Try it:
Transcribe the listing below exactly, without pictures.

Recorded data:
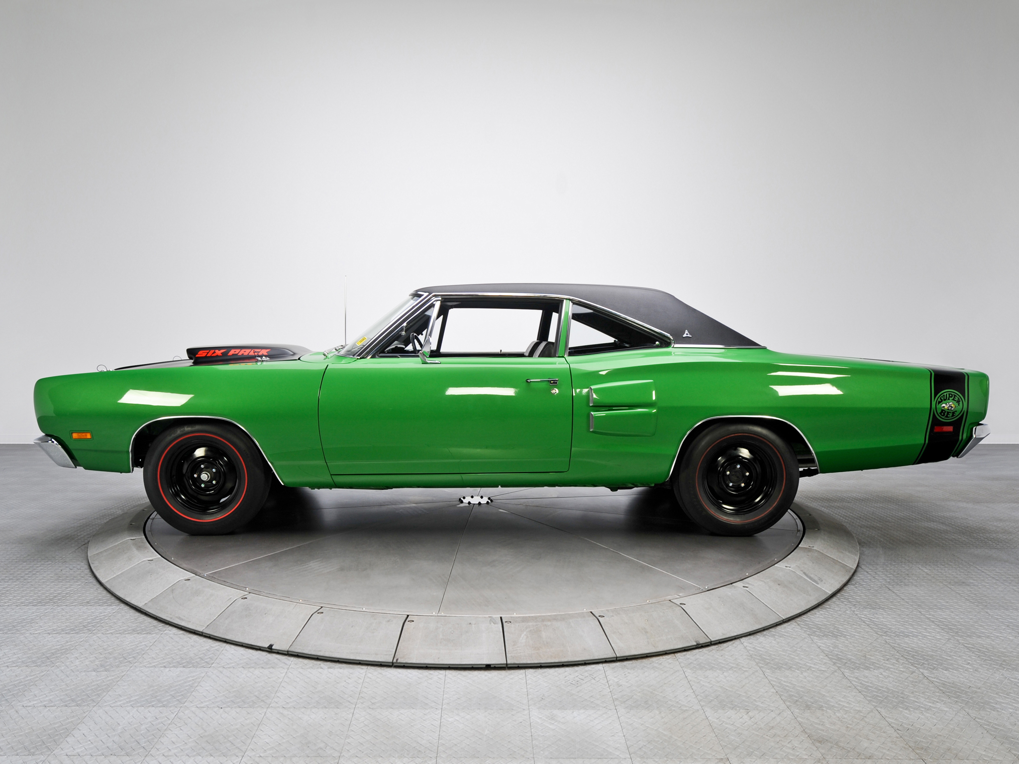 Description: A green car is sitting on a round platform in a room with a white wall and a black top.
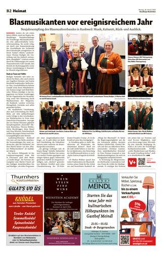 Neujahrsempfang des Blasmusikverbandes in Rankweil: Musik, Kabarett, Rück- und Ausblick.
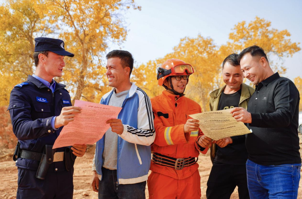 金秋十月,新疆溫宿縣共青團(tuán)鎮(zhèn)薩葉科普胡楊林的6.5萬畝胡楊,由綠轉(zhuǎn)黃,披上盛裝。10月18日,備受期待的溫宿2025胡楊生態(tài)文化旅游節(jié)在這片醉人的美景中如期拉開帷幕。為確保此次活動安全、有序、順利進(jìn)行,溫宿縣公安局組建了強(qiáng)有力的安保隊伍,為八方來客營造一個平安、祥和、歡樂的旅游環(huán)境。在全力維護(hù)秩序、保障安全的同時,溫宿公安將服務(wù)群眾與普法宣傳融入安保工作之中,成為了金色胡楊林中另一道亮麗的“風(fēng)景線”。

Solution below:
 Description: A green car is sitting on a round platform in a room with a white wall and a black top.
 Neujahrsempfang des Blasmusikverbandes in Rankweil: Musik, Kabarett, Rück- und Ausblick.
 金秋十月,新疆溫宿縣共青團(tuán)鎮(zhèn)薩葉科普胡楊林的6.5萬畝胡楊,由綠轉(zhuǎn)黃,披上盛裝。10月18日,備受期待的溫宿2025胡楊生態(tài)文化旅游節(jié)在這片醉人的美景中如期拉開帷幕。為確保此次活動安全、有序、順利進(jìn)行,溫宿縣公安局組建了強(qiáng)有力的安保隊伍,為八方來客營造一個平安、祥和、歡樂的旅游環(huán)境。在全力維護(hù)秩序、保障安全的同時,溫宿公安將服務(wù)群眾與普法宣傳融入安保工作之中,成為了金色胡楊林中另一道亮麗的“風(fēng)景線”。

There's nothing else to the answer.